>>

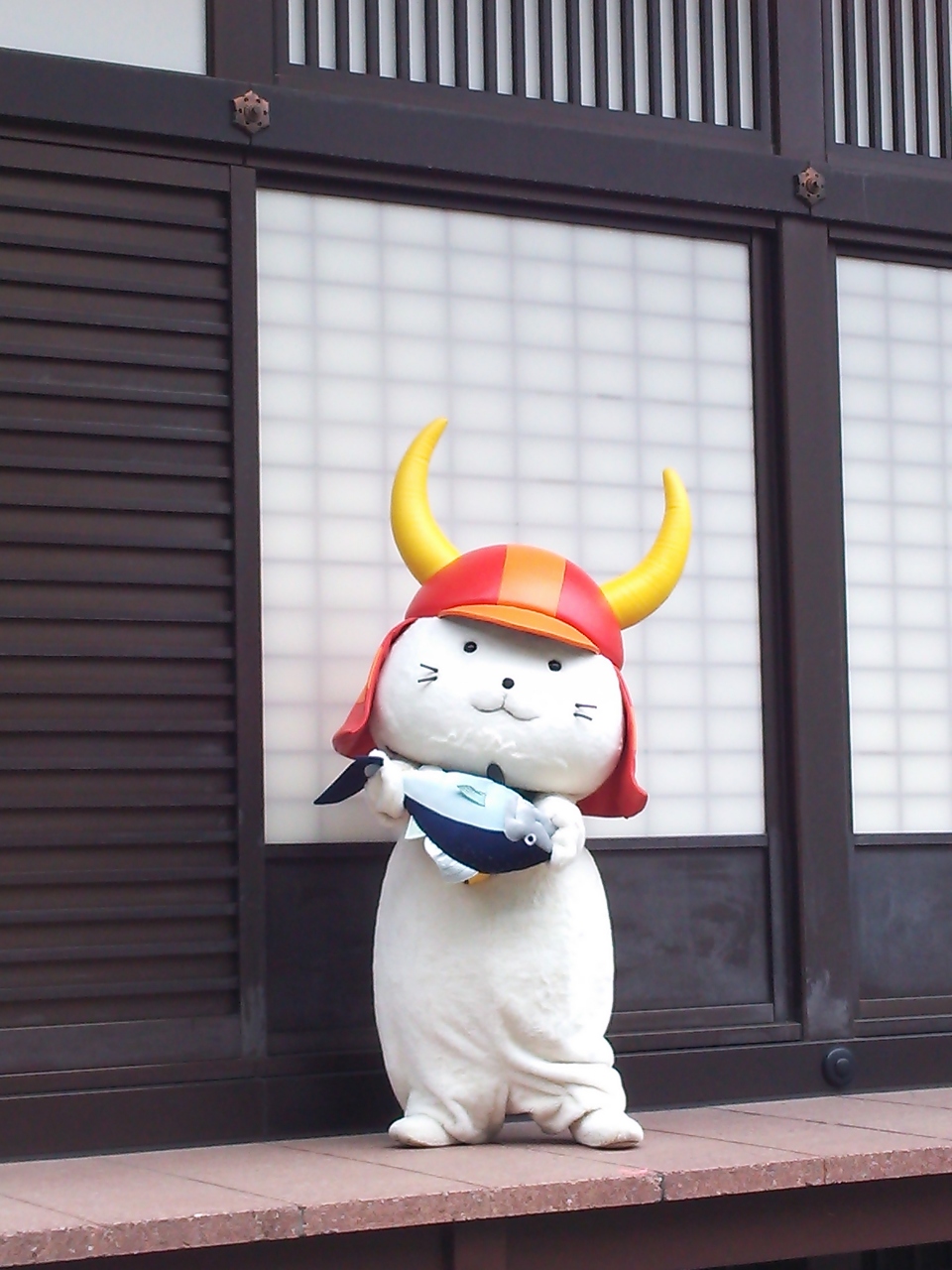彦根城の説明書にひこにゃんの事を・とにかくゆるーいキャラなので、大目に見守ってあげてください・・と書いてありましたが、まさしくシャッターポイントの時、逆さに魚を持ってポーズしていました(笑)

<<
>>

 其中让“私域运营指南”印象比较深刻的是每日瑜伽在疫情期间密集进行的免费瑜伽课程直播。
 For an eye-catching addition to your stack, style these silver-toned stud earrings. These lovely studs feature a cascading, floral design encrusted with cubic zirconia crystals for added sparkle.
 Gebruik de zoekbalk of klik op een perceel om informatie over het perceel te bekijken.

<<
>>

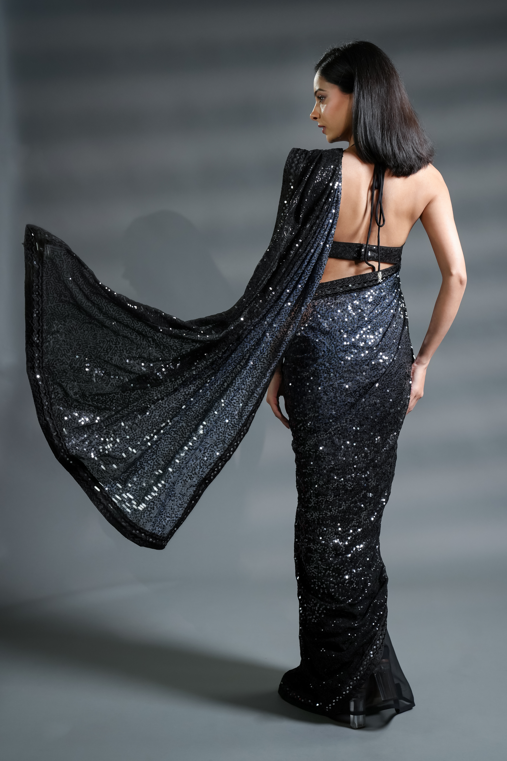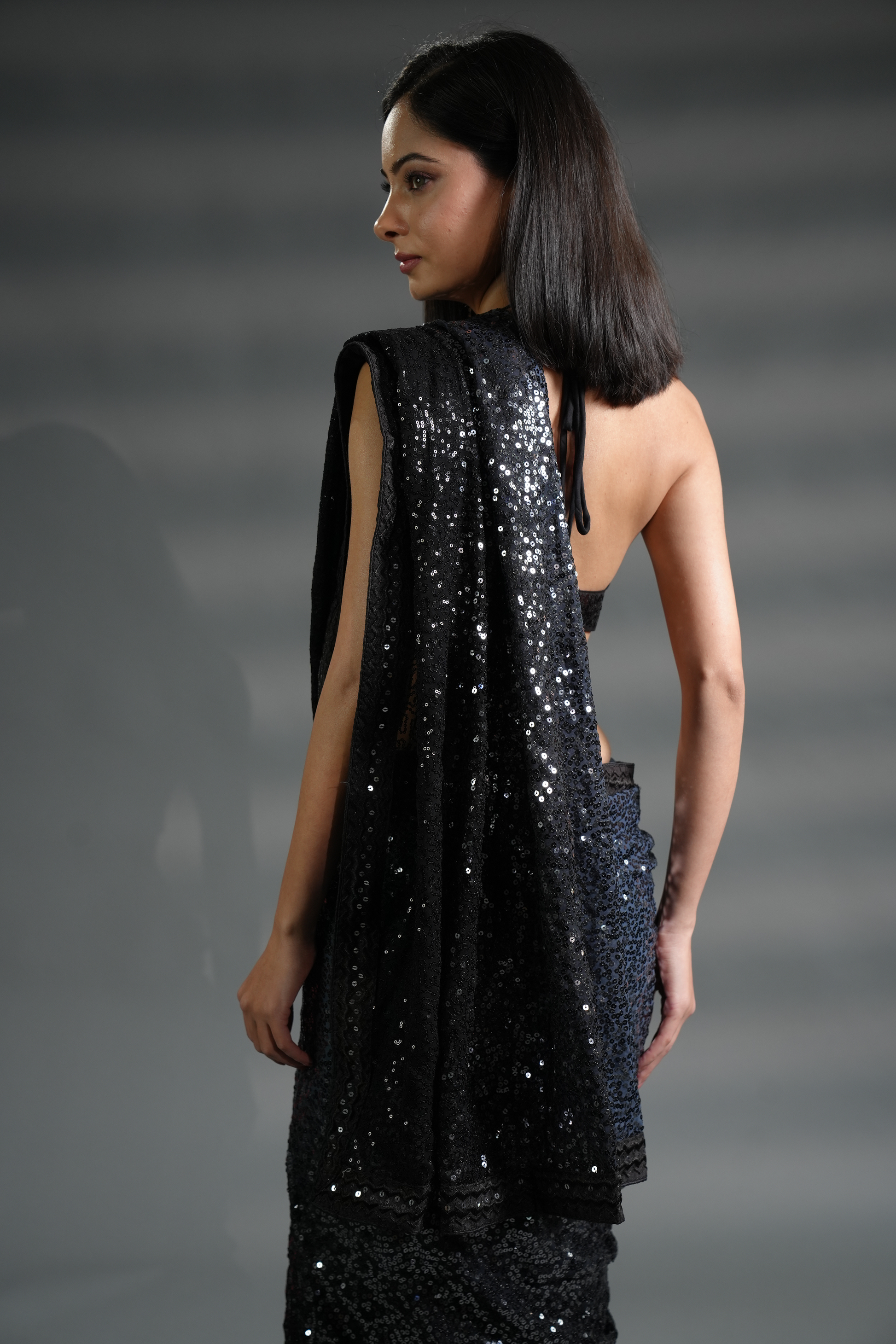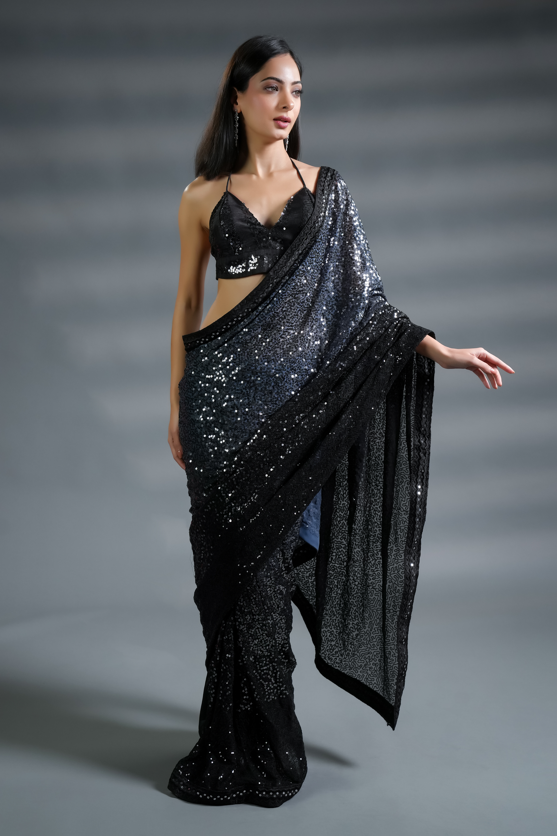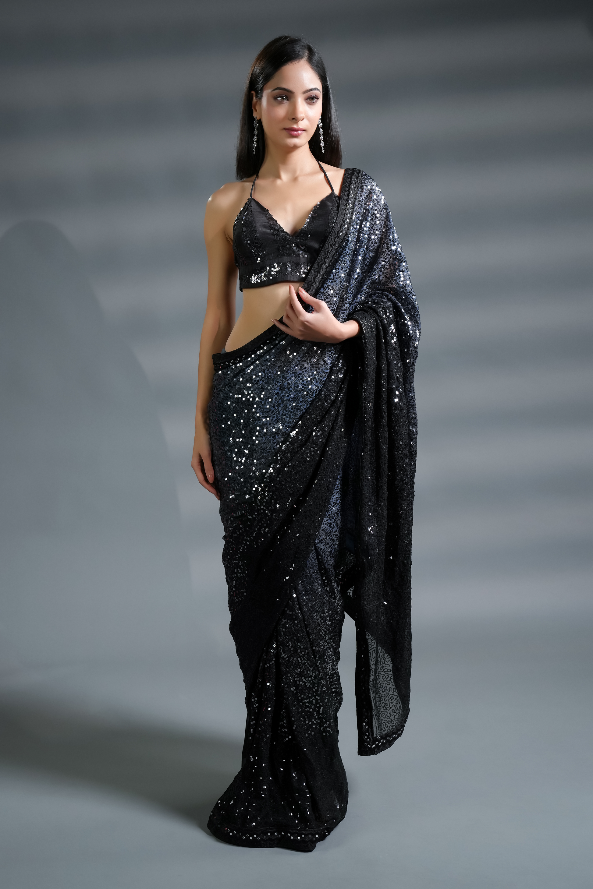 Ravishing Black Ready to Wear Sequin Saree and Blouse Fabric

<<

EXERCISE: Please make an exact copy of the lines above from the line with "For an eye-catching" through the line with "Gebruik de zoekbalk", both ends included.

ANSWER TO THIS EXERCISE:
 For an eye-catching addition to your stack, style these silver-toned stud earrings. These lovely studs feature a cascading, floral design encrusted with cubic zirconia crystals for added sparkle.
 Gebruik de zoekbalk of klik op een perceel om informatie over het perceel te bekijken.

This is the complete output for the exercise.